Wednesday, May 29, 2013

NORTH AMERICAN OIL & THE FUTURE OF SAUDI ARABIA

As sources of oil in North America increase, it will put pressure on Saudi Arabia's oil dependent economy.  If new discoveries of oil in North American indeed reach production levels predicted, the price of oil would go down creating severe budget problems for Saudi Arabia's bureaucratic-oriented economy.  And this raises more issues for the Middle East.

Current trends in the global energy market don't look good for Saudi Arabia. First, the International Energy Agency projected in November 2012 that the United States will surpass the Gulf petrogiant as the world's top energy producer by 2020. Then, last week, it revealed that North America, buoyed by the rapid development of its unconventional oil industry, is set to dominate global oil production over the next five years. These unforeseen developments not only represent a blow to Saudi Arabia's prestige but also a potential threat to the country's long term economic well-being -- particularly in the post-Arab Spring era of elevated per-capita government spending.

According to the Arab Petroleum Investments Corporation, the breakeven price is currently $94 per barrel, less than the current spot price for Brent crude. (Iran needs oil to be at $125 per barrel to break even, which explains the feud between Iran and Saudi Arabia within OPEC.)  But absent deep political reforms that create new sources of income, the breakeven price will surely grow. According to Riyadh-based Jadwa Investment, one of the world's most important knowledge bases on Saudi Arabia's economy, by 2020 the breakeven price will reach $118 per barrel.
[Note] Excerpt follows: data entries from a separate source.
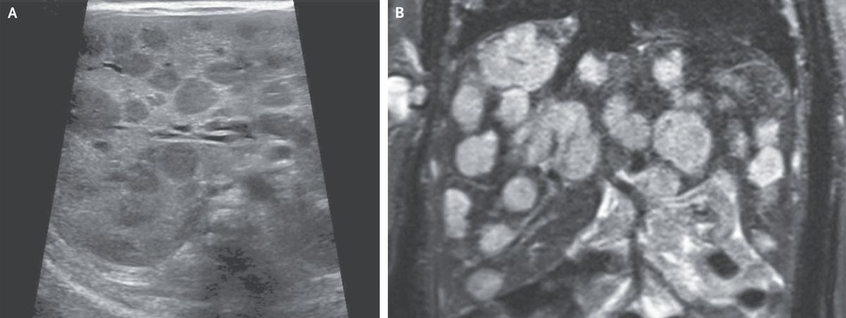A 16-day-old girl who had not yet returned to her birth weight was brought to the emergency department with lethargy. She had tachypnea and marked hepatomegaly with a hepatic bruit, as well as eight small hemangiomas on the scalp, thorax, abdomen, and limbs that had been noted within days after birth. Abdominal ultrasonography showed numerous rounded hypoechoic lesions in the liver (Panel A). Whole-body magnetic resonance imaging showed contrast-enhancing hepatic lesions, as large as 20 mm in diameter, that were hyperintense on T2-weighted images (Panel B), a finding consistent with infantile hepatic hemangiomas. Moderate cardiomegaly was also noted. Laboratory studies showed a thyrotropin level of 25.5 mIU per liter (reference range, 0.50 to 8.50) and a reverse triiodothyronine level of greater than 3696 pmol per liter (reference range, 140 to 540). Complications of infantile hepatic hemangiomas include high-output cardiac failure, consumptive hypothyroidism, and bleeding. These vascular lesions typically have rapid growth followed by a phase of slow involution, sometimes over a period of years. Treatment with propranolol, furosemide, and high-dose levothyroxine was initiated. The liver lesions gradually reduced in size, and after 9 months, treatment was stopped successfully.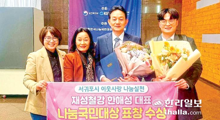 서귀포시는 재성철강 한해성 대표가 지난 6일 KBS 본사에서 열린 '2025년 나눔국민대상 시상식'에서 민간단체장 대표 수상자로 표창(KBS사장 표창)을 수상했다고 10일 밝혔다.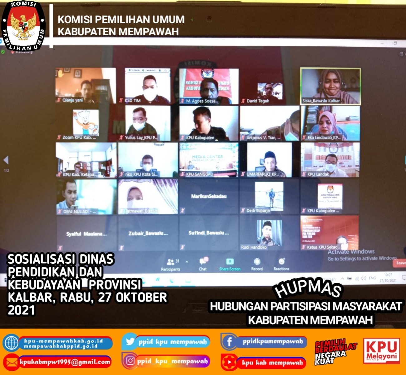 Rabu, 27 Oktober 2021, Ketua KPU Kabupaten Mempawah, Bapak Muhammad Agoes Soesanto mengikuti Undangan Sosialisasi dari Dinas Pendidikan dan Kebudayaan Provinsi Kalimantan Barat yang dilaksanakan secara Daring, dengan undangan seluruh KPU Kabupaten/Kota se-Kalbar.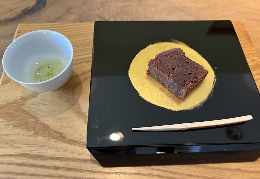 三煎目は八女の菓子職人が作ったガトーショコラを合わせられた。見事な取り合わせだった。外国の方にはこのようなサプライズがインパクトある。以前、体験した際には地元の上陽饅頭にフキノトウ味噌を合わせたり、究極はイタリアの代表的なチーズのゴルゴンゾーラだった。木屋さんが試行錯誤の結果、ブルーチーズの独特の風味と塩味が、厚めの少し甘味がある皮とお茶の香りがぴったりと合った。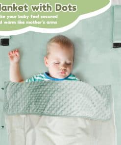 2. Manta desmontable: El extensor de asiento de avión para niños viene con una manta desmontable para evitar resfriados durante los vuelos. Con diseño de lunares, haz que tu bebé se sienta seguro y cálido como en los brazos de su madre.
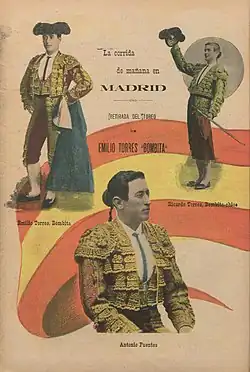 ![]() Contraportada de La Fiesta Nacional (Barcelona), 11 de junio de 1904. Cartel de la retirada del toreo de Emilio Torres "Bombita". Terna formada por Bombita, Bombita chico y Antonio Fuentes. Biblioteca Nacional de España. | ||
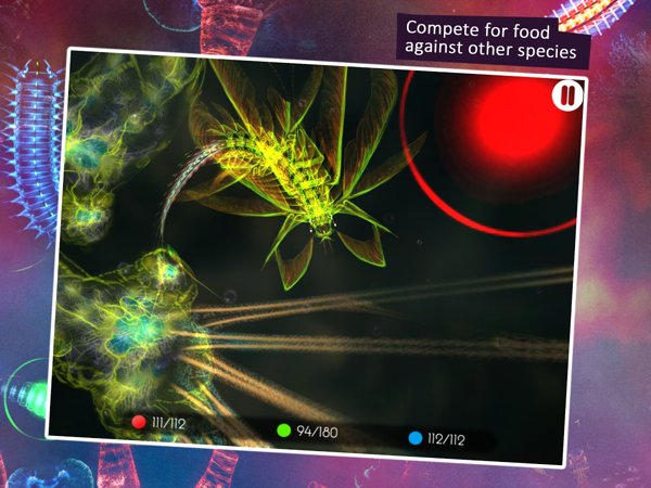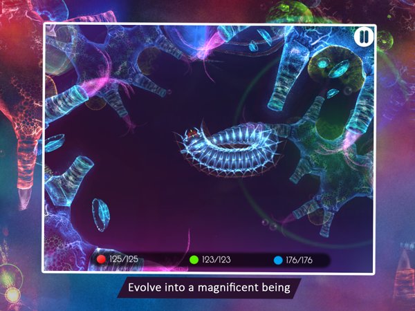 【光影穿梭2进化】这是一款休闲闯关类型的游戏,游戏由“Forever Entertainment”工作室制作,游戏玩法类似“孢子”,玩家扮演在微观世界中的一个神奇的细胞,你需要不断的吞噬其他比你小的细胞来不断的成长,进化成更高级的生物,从一开始一无所有,到变身成为有眼睛,可以喷毒或者有有爪子、尖刺的细胞,提升自己的攻击力,消灭其他的生物来成为这个微观世界的王者。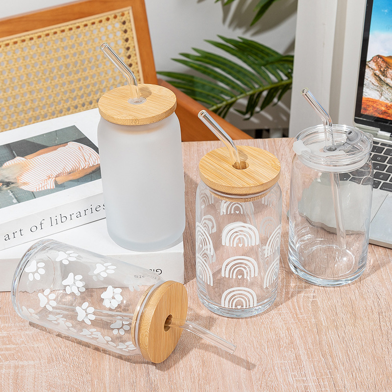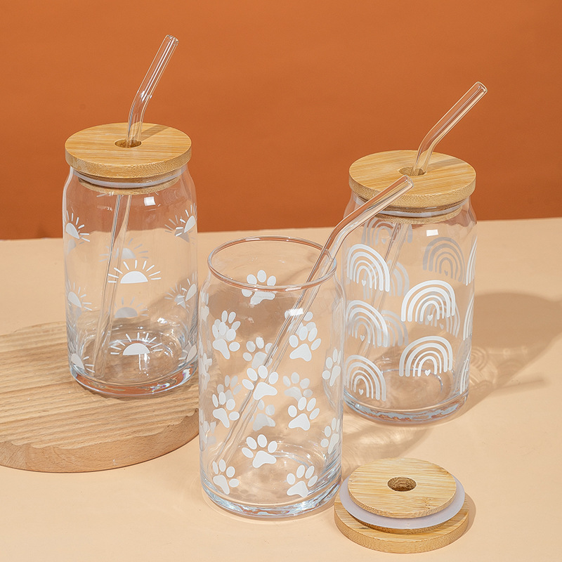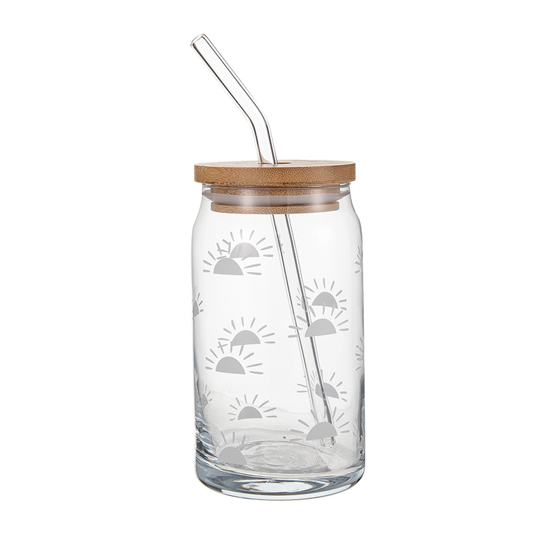 新款加厚印花玻璃杯竹木盖大容量可乐罐吸管杯厨房冷饮喝水杯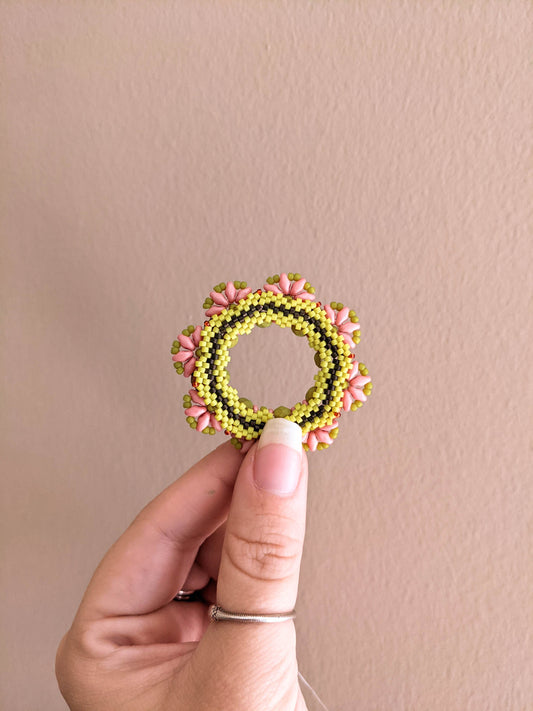 Daisy Circlet - Chartreuse & Peach - 18 inch Gold Filled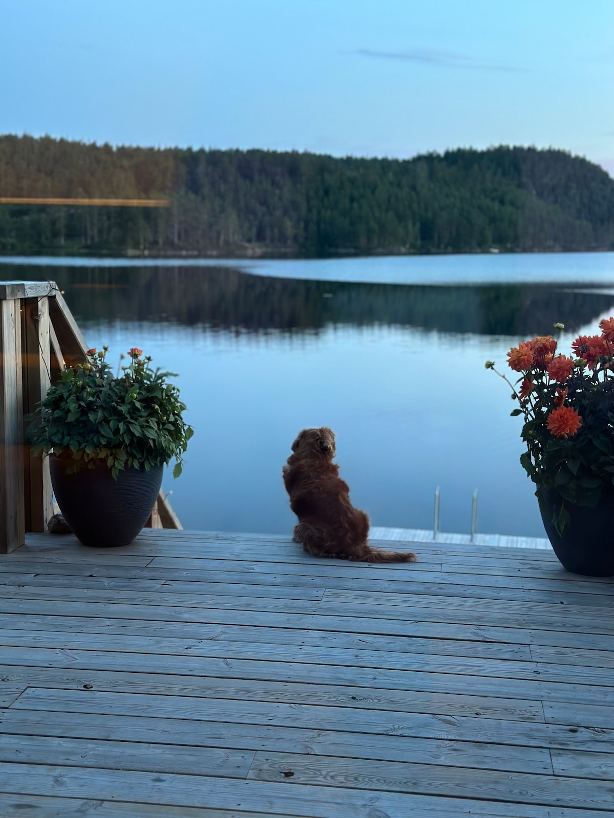 Sjarmerende hytte ved vannet – sol, brygge og ro.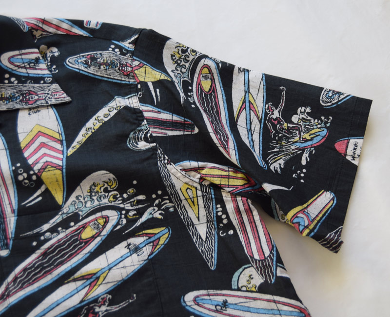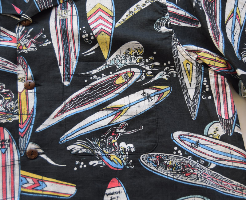 1947年に創業したジョージ・A・シャヒーン社は、ハワイのアロハシャツ・メーカーの中でも唯一、自前のプリント工場や専属のテキスタイル・デザイナーを持つ大手メーカー。このサーフボードのデザインは同社がプリント工場を持つ前の作品で、ブランドを代表する柄となった人気のデザイン。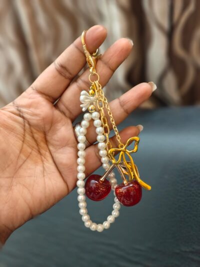 3D Cherry Bag Charm with Anti-Tarnish Gold Chain links | PVD coated | Stainless Steel Gold bow | white Pearls | Keychain ring attached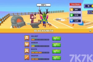游戏内你是一个超级骑士,你需要在竞技场打败所有的敌人并收集它们的灵魂,出售灵魂获取奖励来升级装备技能,然后在竞技场开启割草模式吧。
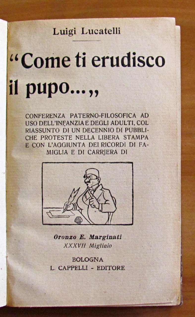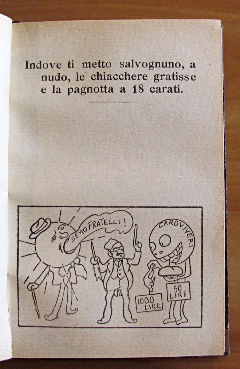 Illustrazioni umoristiche in b/n n.t. e illustrazione dell'autore in antiporta. Editore L. Cappelli - Bologna, 1922. Rilegatura coeva in mezza tela con copertina in brossura originale conservata all'interno. 12,5x19; pp.221. BUONISSIMO STATO , Molto buono (Very Good)

At this point, the Saudi Arabia Monetary Agency's cash reserves will begin to drain rapidly and the breakeven price will soar to $175 a barrel by 2025 and to over $300 by 2030. And this cuts to the heart of the dilemma: In order to balance its budget in the future, Saudi Arabia will need to either drill more barrels and sell them for lower prices or drill fewer barrels -- actively reducing global supply -- and sell each at a higher price.